── Data excerpt ──

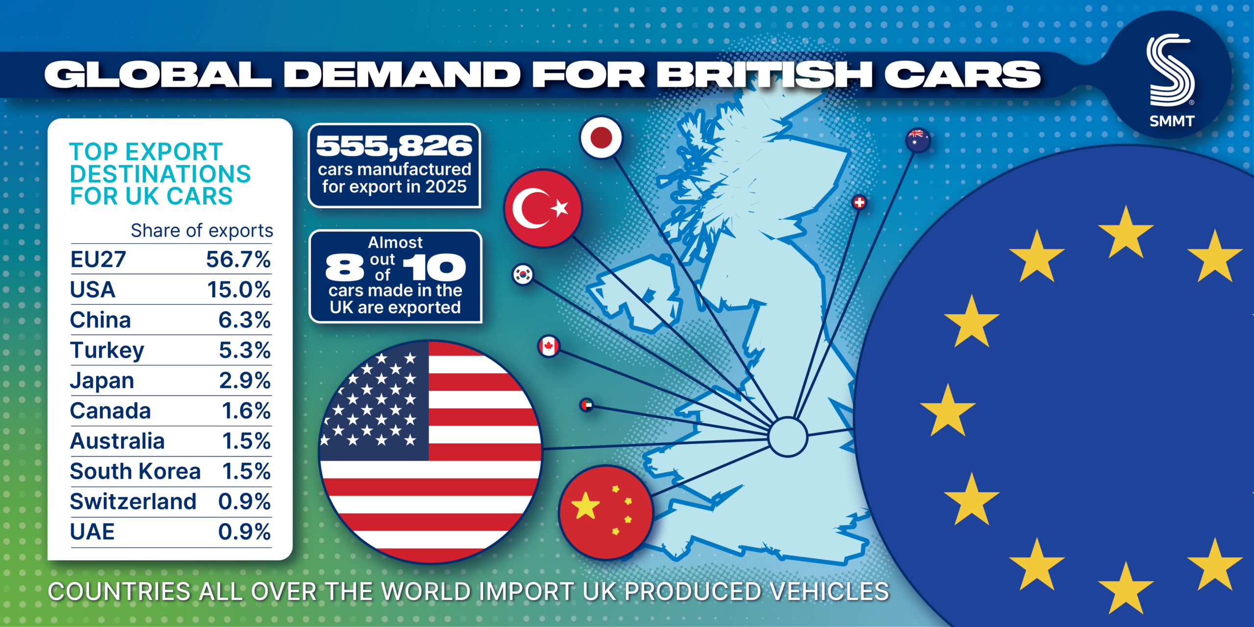 Europe received the majority (56.7%) of vehicles exported, followed by the US (15.0%) and China (6.3%). Exports to each were down, by -3.3%, -18.3% and -12.5% respectively – with shipments to the US impacted by tariff uncertainty earlier in 2025. Turkey and Japan rounded off the UK’s top five global export markets, followed by Canada, Australia, South Korea, Switzerland and UAE.
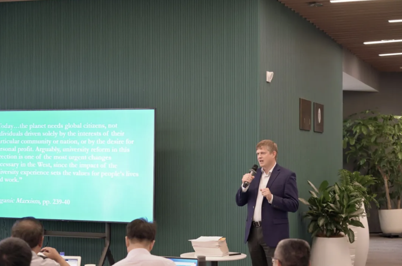 美国戈申大学贾斯汀·海因策克尔博士分享主题“世界公民与生态文明:怀特海和儒家关于高等教育关系教学法和评估的观点”
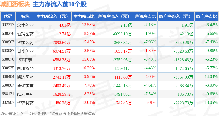从资金流向上来看,当日减肥药板块主力资金净流入6.82亿元,游资资金净流出1.38亿元,散户资金净流出5.44亿元。减肥药板块个股资金流向见下表:

───

How to complete this task -
Would you please copy the material exactly, leaving all the pictures out?

Your response -
 Europe received the majority (56.7%) of vehicles exported, followed by the US (15.0%) and China (6.3%). Exports to each were down, by -3.3%, -18.3% and -12.5% respectively – with shipments to the US impacted by tariff uncertainty earlier in 2025. Turkey and Japan rounded off the UK’s top five global export markets, followed by Canada, Australia, South Korea, Switzerland and UAE.
 美国戈申大学贾斯汀·海因策克尔博士分享主题“世界公民与生态文明:怀特海和儒家关于高等教育关系教学法和评估的观点”
从资金流向上来看,当日减肥药板块主力资金净流入6.82亿元,游资资金净流出1.38亿元,散户资金净流出5.44亿元。减肥药板块个股资金流向见下表:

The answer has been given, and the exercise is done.